2.Rema: However, if the lender protests that we not write for the borrower, we do not write Bal Korcho (against his will).
i.SMA (35): A man (can say that) he does not want people to think that he is owed, especially if it is not true.
ii.Gra (58): We learn from Sanhedrin 29b.
3.Shulchan Aruch (ibid): We may not write for the lender unless the borrower is there. Even if the lender says 'write and sign the document, and it will be in your hands. If the borrower will come and say that it is true, acquire from him and give it to me. If not, tear it', we do not heed him.
i.SMA (36): The concern is only for signing it.
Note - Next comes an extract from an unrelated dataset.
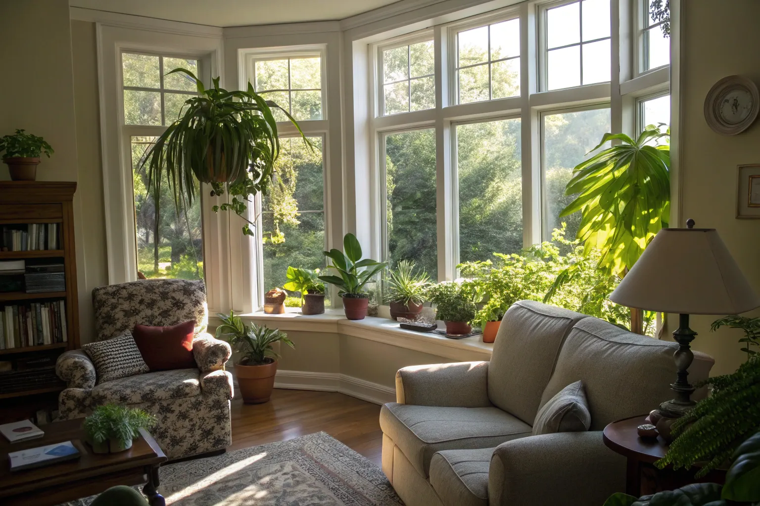 Snake plants are hardy and stylish, making them perfect for a cozy bay window nook. Their upright leaves add an elegant touch while requiring minimal care.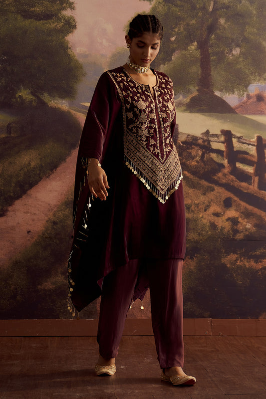 Saanjh Velvet Kurta Set-Maroon

We may write in the absence of the lender, like the Beis Yosef said (above, DH v'Ein).
ii.Note: The Beis Yosef (Sof DH uvi'Teshuvos, citing Teshuvas ha'Rashba 945) says that if the lender says 'do not write and sign for Ploni (who accepted with a Kinyan that he owes me), we do not write for him.
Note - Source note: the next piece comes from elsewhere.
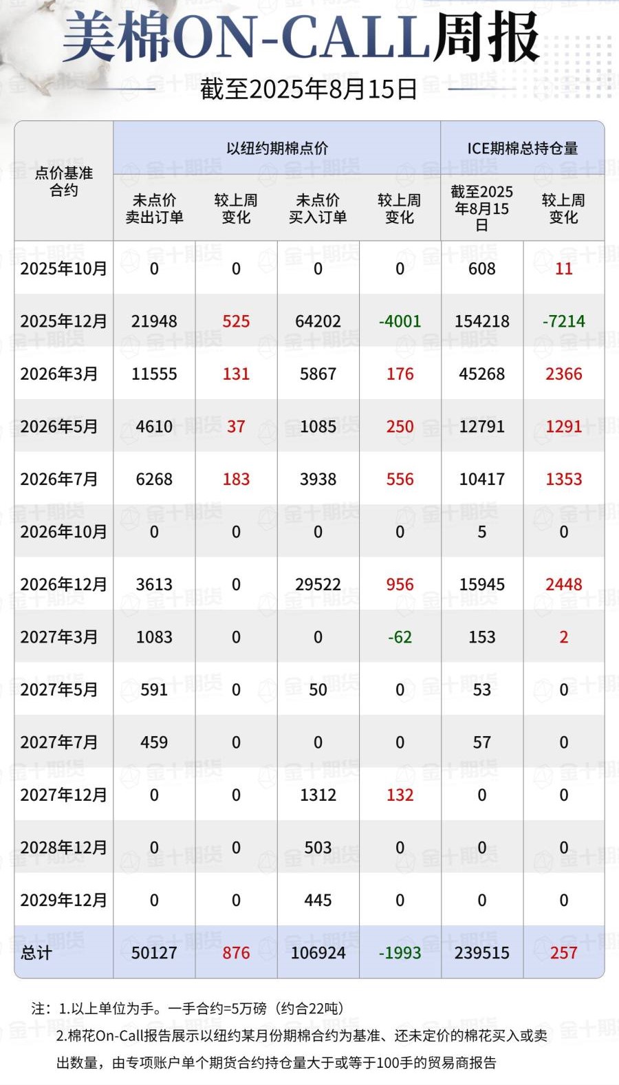 據(jù)美國商品期貨交易委員會(CFTC)最新數(shù)據(jù),截至8月15日,①美棉On-Call未點價賣出訂單50127手,環(huán)比增加876手;未點價買入訂單106924手,環(huán)比減少1993手;②ICE期棉2510合約上賣方未點價合約為0手,環(huán)比增加0手;③ICE期棉2512合約上賣方未點價合約為21948手,環(huán)比增加525手;④ICE期棉2603合約上賣方未點價合約為11555手,環(huán)比增加131手;⑤ICE期棉2605合約上賣方未點價合約為4610手,環(huán)比增加37手;⑥ICE期棉2607合約上賣方未點價合約為6268手,環(huán)比增加183手;⑦ICE棉花期貨盤面2025/26年度(8月至次年7月)的On-Call合約未點價賣出訂單為44381手,環(huán)比增加876手。

iii.Shach (38): The Ritva (Kesuvos 21b DH veha'Omar) says that we are concerned only about signing Sheker, but not writing Sheker. I disagree. We are not concerned even for signing. Tosfos and the Rosh (Kesuvos 85a DH Alma and 9:7) explicitly say so. A validation is different, for if the judges sign before they hear testimony, the validation is total Sheker. The Rashba and Ran (Gitin 26b DH Leisa and 13b DH Mihu) say that Bava Basra 172a (writing in a document the place where it was authorized, and not where it was written) is different, for even retroactively it is Sheker. Rather, the Bach explains that the primary reason is that here, since it is Sheker, we are concerned lest the lender schemes, so we do not write it. When the borrower asks us to write, there is no concern.
iv.SMA (38): The Shulchan Aruch discusses stipulating about if the borrower will come the same day. If not, the document would be predated.